Subarachnoid haemorrhage (teaching)

Case contributed by UoE Radiology

Presentation

Sudden onset headache. Disorientation, confusion. No previous imaging.

Patient Data

Age: 80
Gender: Female

Diffuse hyperdensity throughout the basal cistern, interhemispheric fissure and sylvian fissures.

Also small left subdural collection, also likely representing blood.

Incidental calcification left basal ganglia.

SUMMARY Subarachnoid haemorrhage.  Suggest further imaging to identify possible underlying aneurysm.

CT

Follow up study (five days)

Follow up scan five days later shows some improvement.
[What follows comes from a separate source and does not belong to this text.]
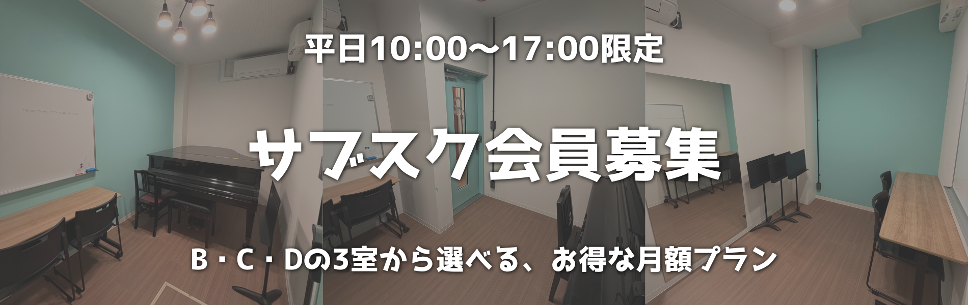 個人練習はもちろん、アンサンブル・伴奏合わせ・声楽練習・楽器レッスンにも対応。グランドピアノ常設スタジオもございます。

The subarachnoid blood is less dense suggesting partial reabsorption of blood products.

Bulky appearance to anterior communicating artery (ACOM) but no angiographic sequences performed.

Case Discussion

This is a case of subarachnoid haemorrhage.  These typically present in the elderly with "thunderclap" headache and altered neurological status. The underlying cause is usually an arterial aneurysm which allows blood into the subarachnoid space irritating the brain linings.  Trauma is another cause.

CT is the best imaging modality to show acute bleeds and any major mass effect from them.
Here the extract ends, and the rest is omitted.